Could you repeat the entries below exactly, but only from the line with "唐教授首先介绍了传统的变量选" through the line with "Wakil Ketua Komisi", and without any picture?

▶ _Data to examine_:

━━━━━━━━━━

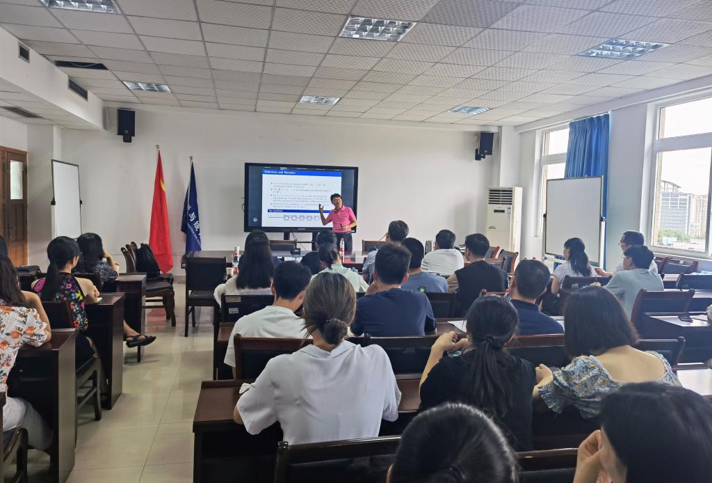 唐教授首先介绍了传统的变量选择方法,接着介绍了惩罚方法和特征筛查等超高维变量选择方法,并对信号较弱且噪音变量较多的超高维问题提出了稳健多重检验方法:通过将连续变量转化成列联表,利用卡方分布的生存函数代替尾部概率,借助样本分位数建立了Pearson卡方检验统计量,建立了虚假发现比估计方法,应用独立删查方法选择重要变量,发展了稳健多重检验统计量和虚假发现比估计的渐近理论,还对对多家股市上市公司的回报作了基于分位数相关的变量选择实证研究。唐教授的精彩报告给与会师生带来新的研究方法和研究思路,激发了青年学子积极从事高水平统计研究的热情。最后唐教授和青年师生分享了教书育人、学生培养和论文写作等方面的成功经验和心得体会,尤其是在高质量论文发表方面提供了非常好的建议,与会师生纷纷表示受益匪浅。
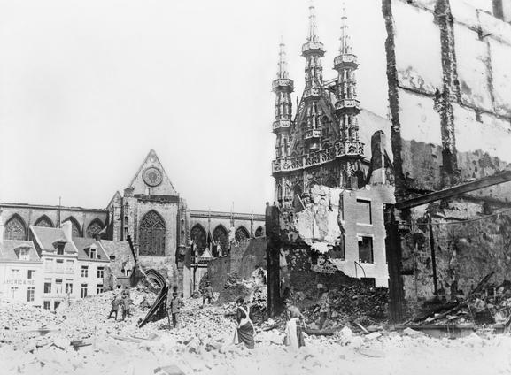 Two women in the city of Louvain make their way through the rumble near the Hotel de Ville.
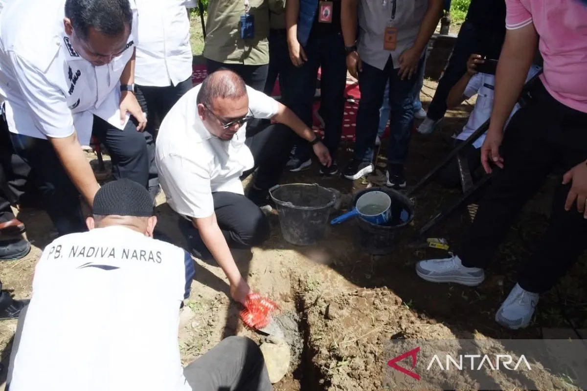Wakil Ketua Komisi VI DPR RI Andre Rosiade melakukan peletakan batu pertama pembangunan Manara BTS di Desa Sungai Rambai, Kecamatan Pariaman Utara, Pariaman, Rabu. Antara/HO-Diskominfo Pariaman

━━━━━━━━━━

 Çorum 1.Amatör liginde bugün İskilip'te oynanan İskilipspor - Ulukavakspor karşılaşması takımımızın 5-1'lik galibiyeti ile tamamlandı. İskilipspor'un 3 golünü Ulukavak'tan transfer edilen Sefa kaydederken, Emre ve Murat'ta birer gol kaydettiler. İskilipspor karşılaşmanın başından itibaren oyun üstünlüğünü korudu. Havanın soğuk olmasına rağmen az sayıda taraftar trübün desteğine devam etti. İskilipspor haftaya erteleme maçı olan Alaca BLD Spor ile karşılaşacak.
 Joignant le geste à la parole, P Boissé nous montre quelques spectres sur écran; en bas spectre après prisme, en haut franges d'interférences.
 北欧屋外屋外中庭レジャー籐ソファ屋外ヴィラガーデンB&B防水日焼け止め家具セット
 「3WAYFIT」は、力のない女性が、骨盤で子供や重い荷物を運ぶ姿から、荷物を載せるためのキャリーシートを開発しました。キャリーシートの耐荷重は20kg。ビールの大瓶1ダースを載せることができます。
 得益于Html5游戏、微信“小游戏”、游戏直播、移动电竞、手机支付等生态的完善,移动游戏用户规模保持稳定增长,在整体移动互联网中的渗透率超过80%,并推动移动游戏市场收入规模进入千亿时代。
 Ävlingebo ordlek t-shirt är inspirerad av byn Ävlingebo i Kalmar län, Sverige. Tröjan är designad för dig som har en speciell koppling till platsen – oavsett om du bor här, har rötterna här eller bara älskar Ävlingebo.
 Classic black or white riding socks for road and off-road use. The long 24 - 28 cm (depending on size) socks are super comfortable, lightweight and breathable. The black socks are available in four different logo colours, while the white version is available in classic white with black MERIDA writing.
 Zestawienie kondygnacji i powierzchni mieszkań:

━━━━━━━━━━

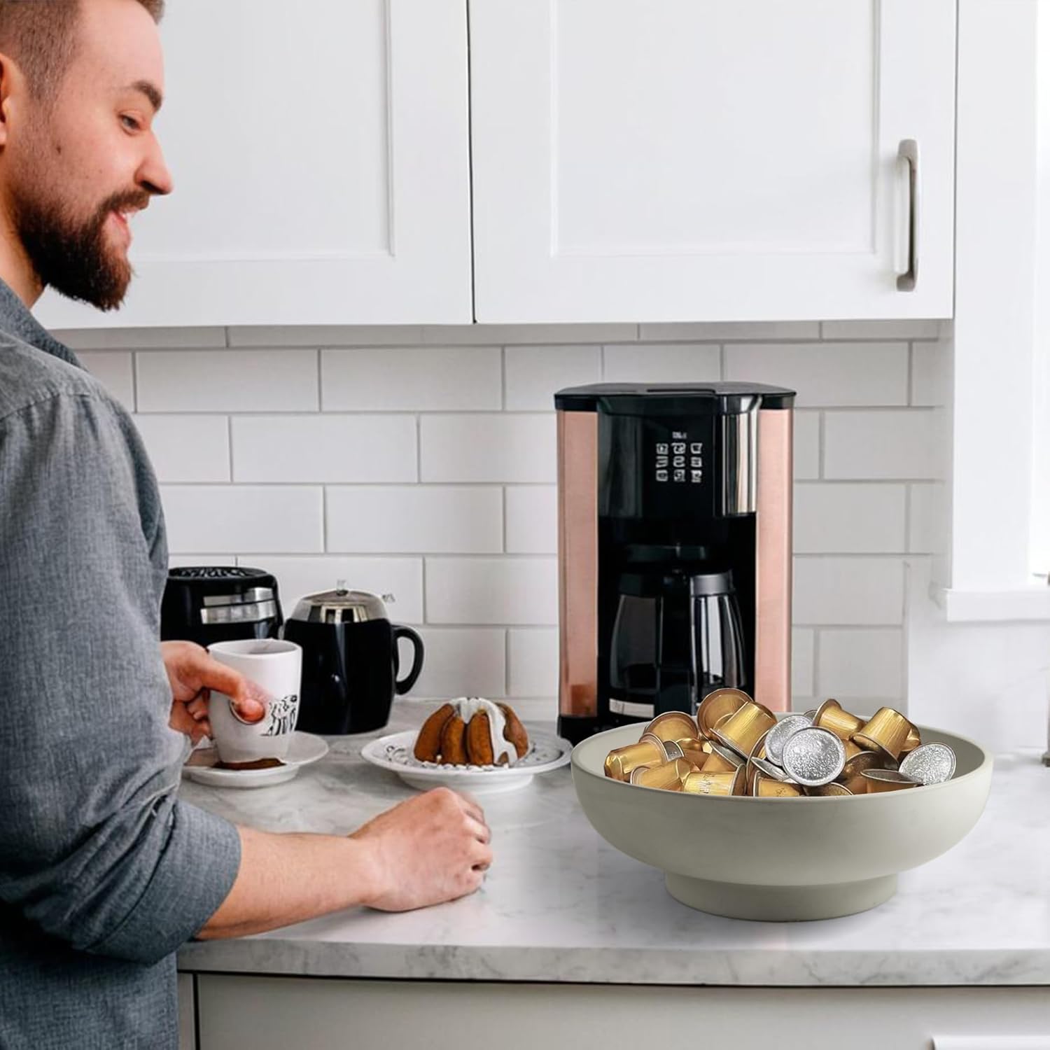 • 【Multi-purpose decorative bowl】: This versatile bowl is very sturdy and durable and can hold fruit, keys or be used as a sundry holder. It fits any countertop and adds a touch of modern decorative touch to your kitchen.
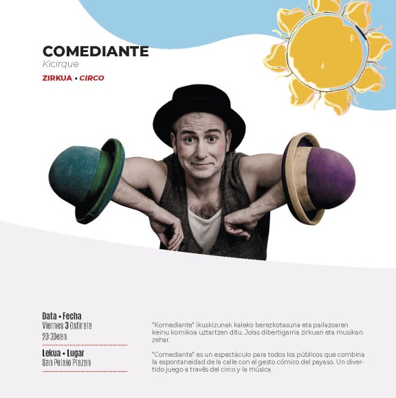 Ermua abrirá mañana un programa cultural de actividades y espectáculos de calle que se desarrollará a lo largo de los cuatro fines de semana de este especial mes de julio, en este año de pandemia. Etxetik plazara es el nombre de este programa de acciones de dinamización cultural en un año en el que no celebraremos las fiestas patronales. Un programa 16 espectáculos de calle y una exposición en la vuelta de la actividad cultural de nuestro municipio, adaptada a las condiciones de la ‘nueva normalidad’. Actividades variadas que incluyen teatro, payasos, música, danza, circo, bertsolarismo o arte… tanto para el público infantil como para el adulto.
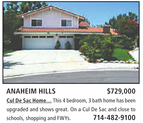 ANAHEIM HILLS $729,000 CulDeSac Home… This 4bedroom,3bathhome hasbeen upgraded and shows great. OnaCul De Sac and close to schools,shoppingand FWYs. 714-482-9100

━━━━━━━━━━

▶ _Solution to the problem_:
 唐教授首先介绍了传统的变量选择方法,接着介绍了惩罚方法和特征筛查等超高维变量选择方法,并对信号较弱且噪音变量较多的超高维问题提出了稳健多重检验方法:通过将连续变量转化成列联表,利用卡方分布的生存函数代替尾部概率,借助样本分位数建立了Pearson卡方检验统计量,建立了虚假发现比估计方法,应用独立删查方法选择重要变量,发展了稳健多重检验统计量和虚假发现比估计的渐近理论,还对对多家股市上市公司的回报作了基于分位数相关的变量选择实证研究。唐教授的精彩报告给与会师生带来新的研究方法和研究思路,激发了青年学子积极从事高水平统计研究的热情。最后唐教授和青年师生分享了教书育人、学生培养和论文写作等方面的成功经验和心得体会,尤其是在高质量论文发表方面提供了非常好的建议,与会师生纷纷表示受益匪浅。
 Two women in the city of Louvain make their way through the rumble near the Hotel de Ville.
Wakil Ketua Komisi VI DPR RI Andre Rosiade melakukan peletakan batu pertama pembangunan Manara BTS di Desa Sungai Rambai, Kecamatan Pariaman Utara, Pariaman, Rabu. Antara/HO-Diskominfo Pariaman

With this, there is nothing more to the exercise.